General Motors’ first-quarter earnings report and accompanying analyst call on Tuesday underscored the company’s big ambitions for electric vehicles and autonomous vehicles — and the money it’s willing to throw in. devote to it.
The initial financial contribution in the first quarter report was a message of profits despite supply constraints. However, the call offered some other interesting commentary, as well as a substantial change to its compensation-based plan and a spending forecast for Cruise — all of which are aimed at ensuring GM’s success in electric and audio-visual vehicles.
First the financial aspects. GM said net income fell to $2.9 billion in the first quarter from $3.02 billion in the same period a year ago. Revenue rose 11% to $35.9 billion, but beat analysts’ expectations.
Like automakers around the world, GM faces pressures such as supply chain disruptions, semiconductor shortages and rising inflation. These headwinds caused GM’s vehicle sales to fall 20% in the first quarter compared to the same period last year. And yet, the automaker managed to close the profit gap.

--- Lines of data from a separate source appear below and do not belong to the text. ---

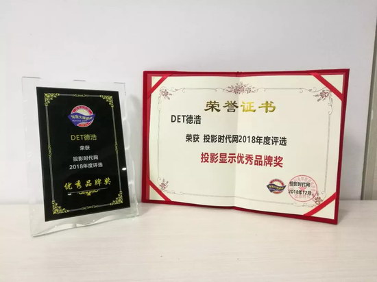 此次獲得的2個獎項,是繼上個月末DET獲得中國大屏幕投影行業年度評選的“投影機品牌大獎”之后又獲得的行業獎項,肯定了DET德浩在視聽行業的努力和表現力。
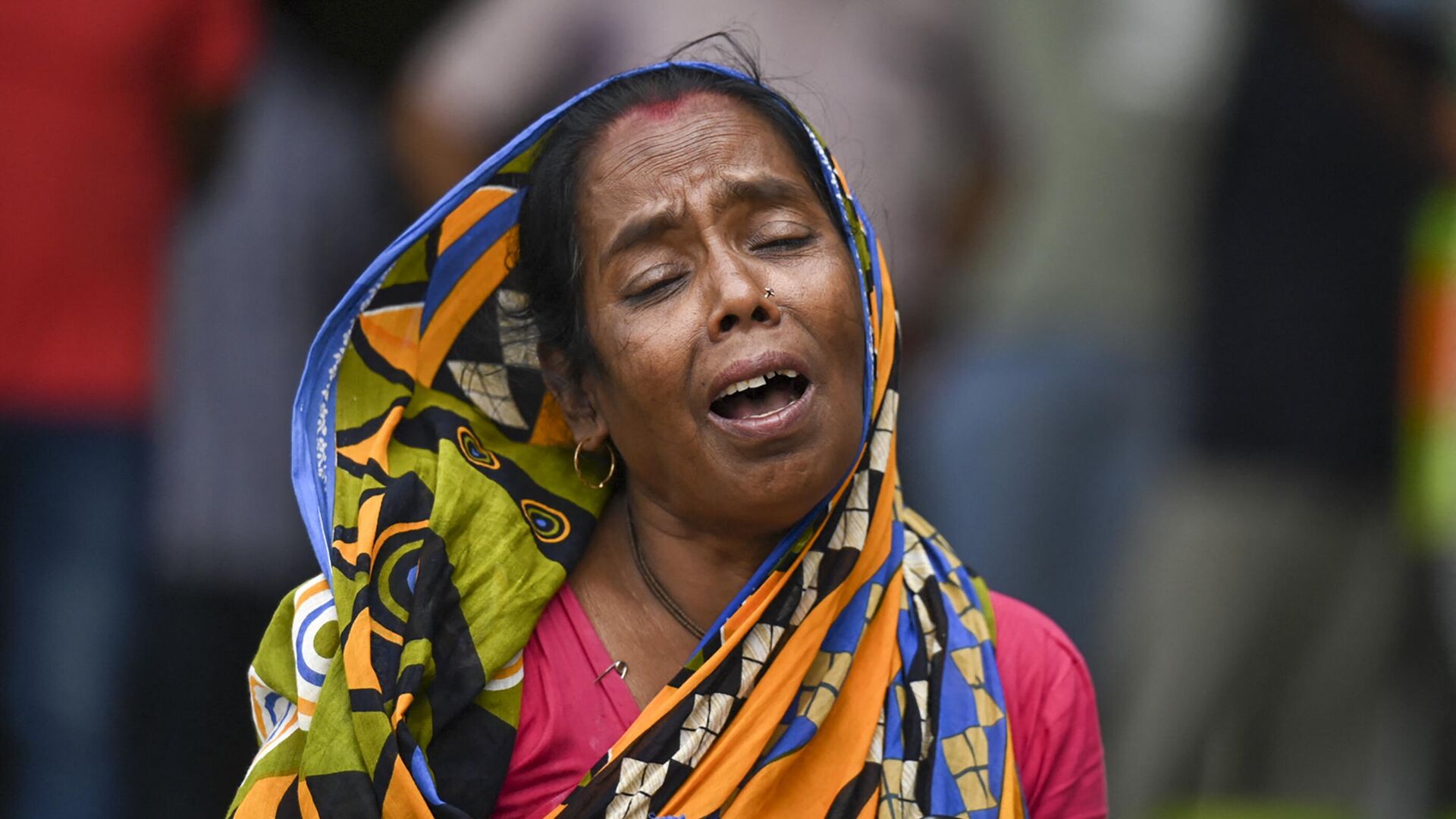 یکی از اعضای خانواده قربانی ها در یک پارک تجاری که به عنوان سردخانه موقت برای شناسایی کشته شدگان در نظر گرفته شده.
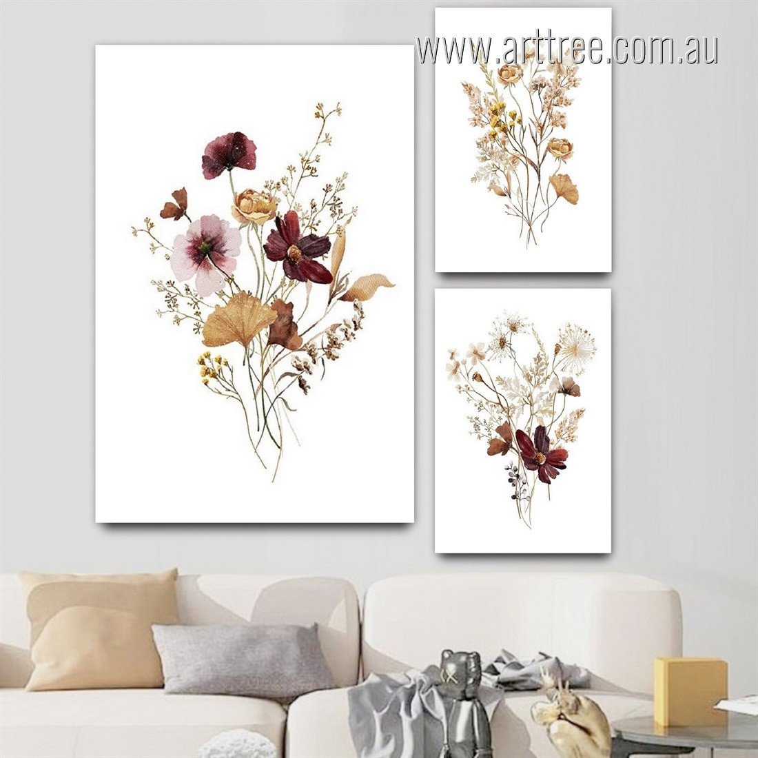 Delicate wildflowers and elegant leaves create a serene, minimalist design in this three-panel canvas set. Inspired by bohemian and Scandinavian styles, this gallery-wrapped artwork brings a calming, natural aesthetic to your bedroom. This affordable wall decor offers a sophisticated and peaceful touch, perfect for creating a relaxed and stylish atmosphere.
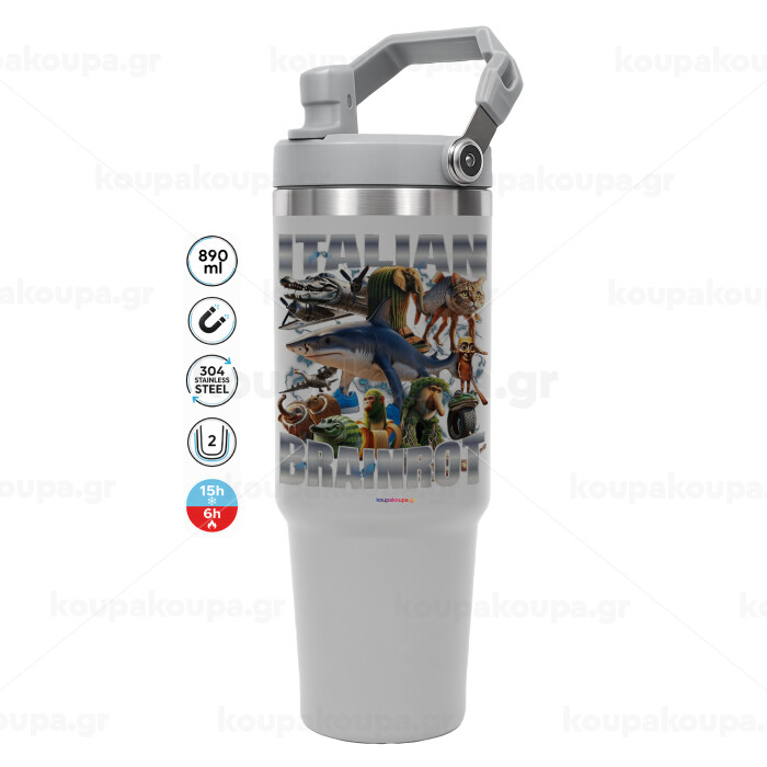 Italian Brainrot, ΓΚΡΙ χρώματος Θερμός Ανοξείδωτο 890ml (30oz) με χερούλι
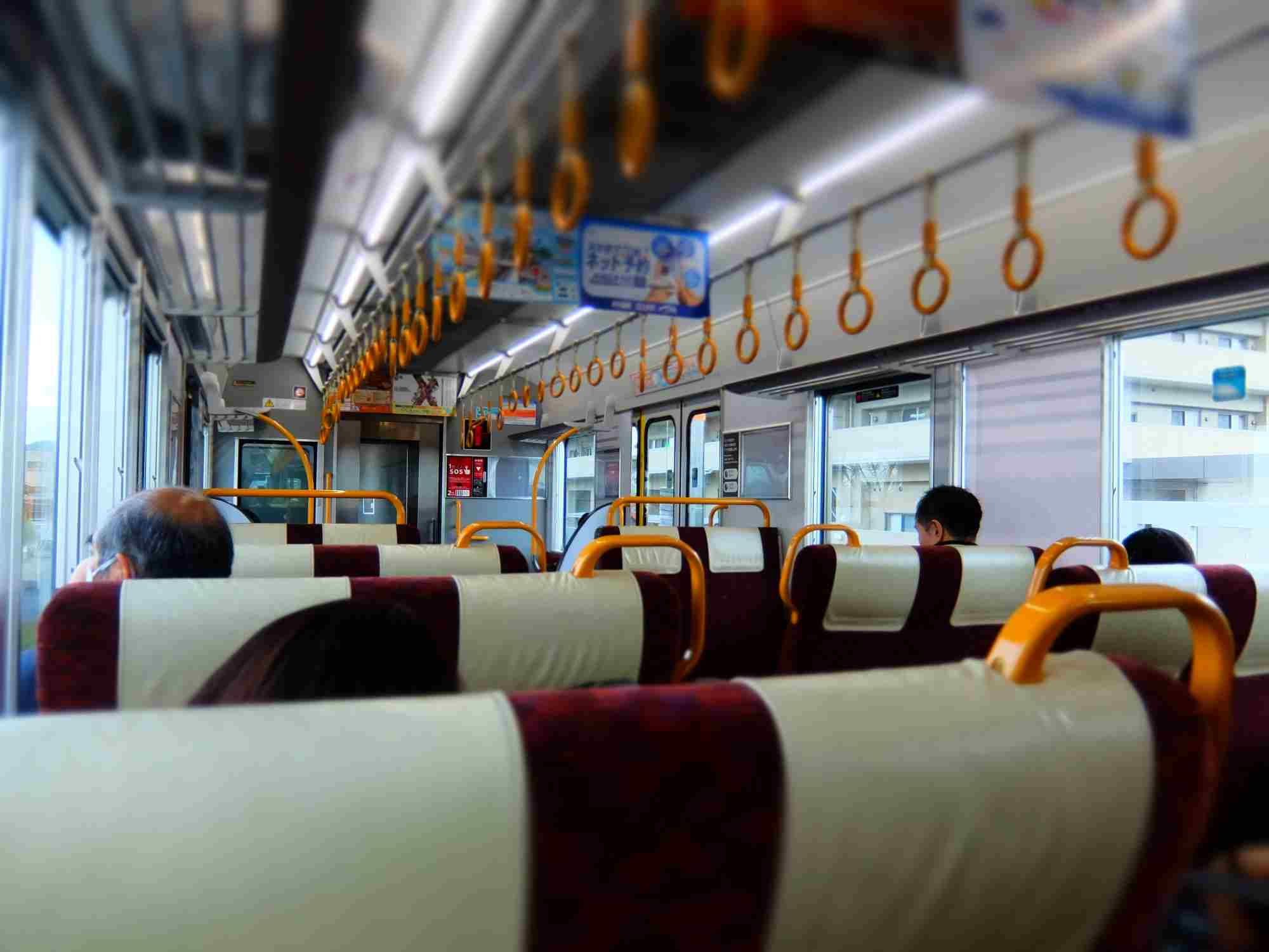 普通電車だけどグリーン席です。
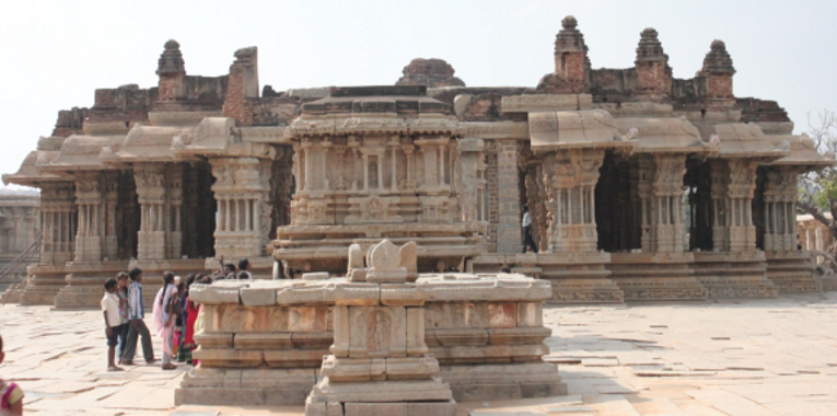 “लवकरच १३३६ मध्ये विद्यारण्य स्वामींच्या मार्गदर्शनाने हरिहर आणि बुक्काने विजयनगरचे साम्राज्य स्थापन केले. जवळ जवळ पावणे दोनशे वर्षांनी, कृष्णदेवराय विजयनगरचा सम्राट झाला. विष्णूभक्त कृष्णदेवरायाने, मूर्तीच्या संरक्षणार्थ, पंढरपूर येथील विठ्ठलाची मूर्ती विजयनगरला नेली. या मूर्तीची स्थापना विजयनगरच्या अत्यंत सुंदर व भव्य विठ्ठल मंदिरात केली. या मंदिरातील काही विशेष बाबी म्हणजे – सप्तस्वरांचे खांब, पडदे लावायला छताच्या बाहेरच्या बाजूने दगडी सळ्या आणि दगडी लामणदिवे! समोरील पटांगणात एक दगडी कोरीव रथ आहे ज्याची चाके अधांतरी असून फिरू शकतात.”

“We delivered a very strong first quarter, with revenue growth of more than 10% year over year, fueled by strong demand for our products, particularly for our full-size trucks and SUVs,” said Chief Financial Officer Paul Jacobson said on a call with analysts on Tuesday.
A few other elements stood out. Here are the first three.
Low-cost electric vehicles
GM relies on electric pickup trucks and a new line of affordable battery-electric models to help it sell 1 million electric vehicles in North America by 2025.
CEO Mary Barra said the automaker’s biggest growth opportunity in North America is in electric trucks, with the battery-electric version of the Chevrolet Silverado set to begin production early next year. However, this is an increasingly competitive segment with rivals from newcomer Rivian as well as Ford, which announced its own new electric truck hours before GM’s earnings call.
Ford’s all-electric F-150 Lightning went into production on Monday. Ford CEO Jim Farley announced during a live streamed event to celebrate the launch of the Lightning on Tuesday that the automaker plans to launch a second electric truck soon.
GM said it also plans to focus on lower-priced electric models.
“Another area where we are building competitive advantage is in affordable electric vehicles – a part of the market that our competitors are not focusing on,” Barra said, adding that the segment “will be a major source of growth for Chevrolet and Buick”.
The roughly $30,000 Chevrolet Equinox EV expected in late 2023 “will shatter the perception that sleek, practical, long-range electric vehicles are luxury items.” A partnership with Honda is expected to add more models to GM’s portfolio in 2027.
GM said it plans to tie a significant portion of its long-term compensation to its EV goals. Barra didn’t provide a breakdown of what “significant part” means, except to say the company added metrics for North American EV volume, EV launch timing, and launch quality. electric vehicles to existing financial measures.
Additional details will come April 29 in GM’s proxy statement.
The change illustrates Barra and the council’s ambitions to dominate electric vehicle sales in North America.
Barra’s total compensation in 2020 was $23.7 million, including $2 million in salary, $13.1 million in stock and a performance bonus worth $3.78 million.
General Motors said it plans to spend $2 billion this year on its self-driving subsidiary Cruise. While GM and Cruise haven’t shared exactly what this eye-popping figure will be used for, we can assume it’s related to their marketing plans.
Cruise is also aiming to begin mass production of its purpose-built Origin AV in 2023 and is trying to set up a robotaxi service in San Francisco.
Looking at the breakdown in the earnings report, one can already see an increase in losses compared to last year. Cruise’s losses were $325 million in the first quarter, compared to losses of $229 million in the same period last year. But GM is betting its investments in Cruise will pay off big. The automaker said it expects Cruise to bring in $50 billion in annual revenue by the end of the decade.